Selanjutnya sifat liquid diartikan sebagai flesibilitas dinamika politik yang tiba-tiba (turbulent) dan unpredictable. Tidak bisa diramalkan. Ini juga kerap berlangsung. Sifat kapilaritas air yang mampu merembes ke atas, memang berlawanan dengan sifat lainnya yang selalu mengalir ke tempat lebih rendah (top down). Secara manajemen, kapilaritas ini seperti bottom up process. Bisa jadi, kondisi tahun air nanti bahwa aspirasi akar rumput mampu mempengaruhi kalangan atas. Menjadi pertimbangan utama top level management. Entah semacam apa situasinya kelak. Power bawah mampu membuyarkan power atas.
Air itu memiliki massa atau berat. Maka sejalan dengan tahun mati = musyawarah, bahwa hasil keputusan terbaru nantinya memiliki daya dobrak dan power yang luar biasa.

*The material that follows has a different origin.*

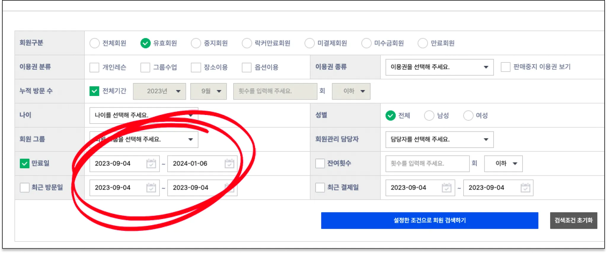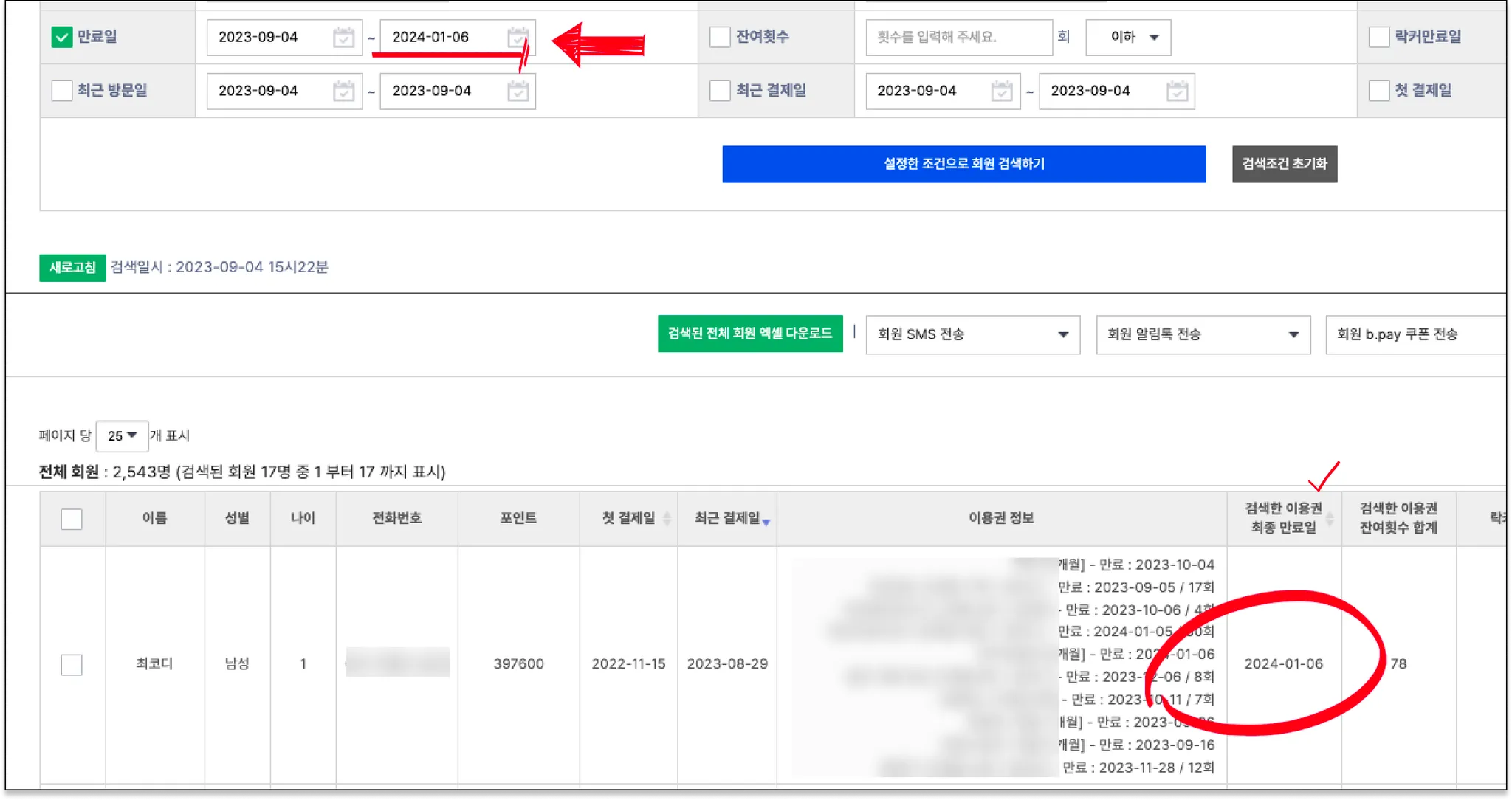 2. 회원 검색 > 만료일로 검색 시 최종 만료일이 +1일로 보이는 현상 개선

Dahulu, siapa sangka Polri bisa keluar dari ABRI; Tempo doeloe, siapa mengira UUD 1945 dapat diamandemen? Bisa jadi power perubahan nanti berupa dekrit untuk kembali ke UUD 1945, misalnya, atau pembubaran KPK, atau persekusi terhadap penjahat BLBI, dan seterusnya. Lagi-lagi, itu sekedar contoh pengandaian.
Kemudian sifat unik air bahwa ia mampu melarutkan beberapa zat. Ini sifat yang paling terkenal. Analogi situasi kelak di tahun air, bahwa bakal tersapu/larutnya partai-partai, atau ormas, paham, ideologi, golongan, dan lain-lain yang dianggap “sampah” dimana selama ini dianggap telah mengotori halaman rumah NKRI dari kajian Pancasila, maka kelak mereka akan tergulung oleh gelombang (air) perubahan di Bumi Pertiwi.
Sifat terakhir air adalah menekan di segala arah. Menyebar ke semua penjuru. Maknanya, bahwa daya dobrak perubahan bakal memasuki segala lini serta diterima hampir disemua strata dan lapisan sosial.
Gambaran di atas adalah prakiraan situasi perubahan di republik tercinta ini. Tidak ada niat menggurui siapapun, terutama para pihak yang berkompeten, ataupun tak ada maksud untuk meng-klaim kebenaran atas apa yang kelak terjadi yang melekat pada apapun skenario dalam Pilpres 2019.
Catatan ini hanya membaca ketetapan-ketetapan alam berbasis filsafat dan geospiritual. Tak lebih.
Demikianlah adanya, demikian sebaiknya.
- Oleh: Rusman, Direktur Program Studi Geopolitik dan Kawasan Global Future Institute (GFI)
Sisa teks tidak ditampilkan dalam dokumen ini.